> _WHAT THE TASK REQUIRES_
Restate the listing below exactly, images excluded.

> _INFORMATION SUPPLIED_
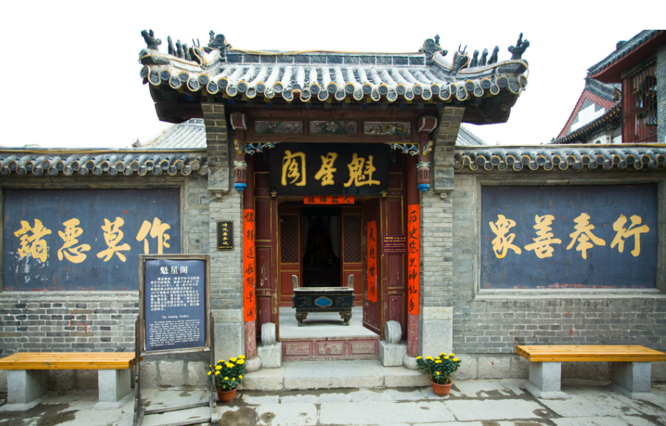【魁星閣廟群】位于銀子市街南首,是周村現(xiàn)存最完整的寺廟古建筑群之一。由三座不同宗教文化的廟宇組成,有道教的碧霞元君殿、佛教的觀音殿、儒教的魁星閣,道儒佛三教共處一地。無(wú)論是來(lái)自五湖四海的商人,還是方圓百里的父老鄉(xiāng)親,無(wú)論是求平安,求富貴,求早得貴子,還是求金榜題名,都可以在這里得到精神寄托。因此,百余年來(lái)香火一直十分旺盛。
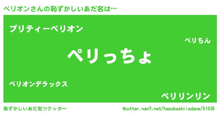 | ポケモン風あだ名 | 『ペリオダネ』『ペリチュウ』 |
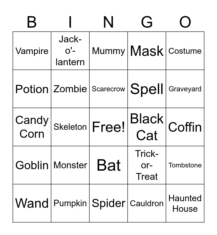 This bingo card has a free space and 30 words: Pumpkin, Ghost, Skeleton, Witch, Vampire, Mummy, Zombie, Bat, Black Cat, Spider, Coffin, Haunted House, Cauldron, Candle, Graveyard, Full Moon, Trick-or-Treat, Goblin, Monster, Costume, Candy Corn, Broomstick, Jack-o'-lantern, Spell, Potion, Mask, Tombstone, Wand, Scarecrow and Howl.

> _RESULT_
【魁星閣廟群】位于銀子市街南首,是周村現(xiàn)存最完整的寺廟古建筑群之一。由三座不同宗教文化的廟宇組成,有道教的碧霞元君殿、佛教的觀音殿、儒教的魁星閣,道儒佛三教共處一地。無(wú)論是來(lái)自五湖四海的商人,還是方圓百里的父老鄉(xiāng)親,無(wú)論是求平安,求富貴,求早得貴子,還是求金榜題名,都可以在這里得到精神寄托。因此,百余年來(lái)香火一直十分旺盛。
 | ポケモン風あだ名 | 『ペリオダネ』『ペリチュウ』 |
 This bingo card has a free space and 30 words: Pumpkin, Ghost, Skeleton, Witch, Vampire, Mummy, Zombie, Bat, Black Cat, Spider, Coffin, Haunted House, Cauldron, Candle, Graveyard, Full Moon, Trick-or-Treat, Goblin, Monster, Costume, Candy Corn, Broomstick, Jack-o'-lantern, Spell, Potion, Mask, Tombstone, Wand, Scarecrow and Howl.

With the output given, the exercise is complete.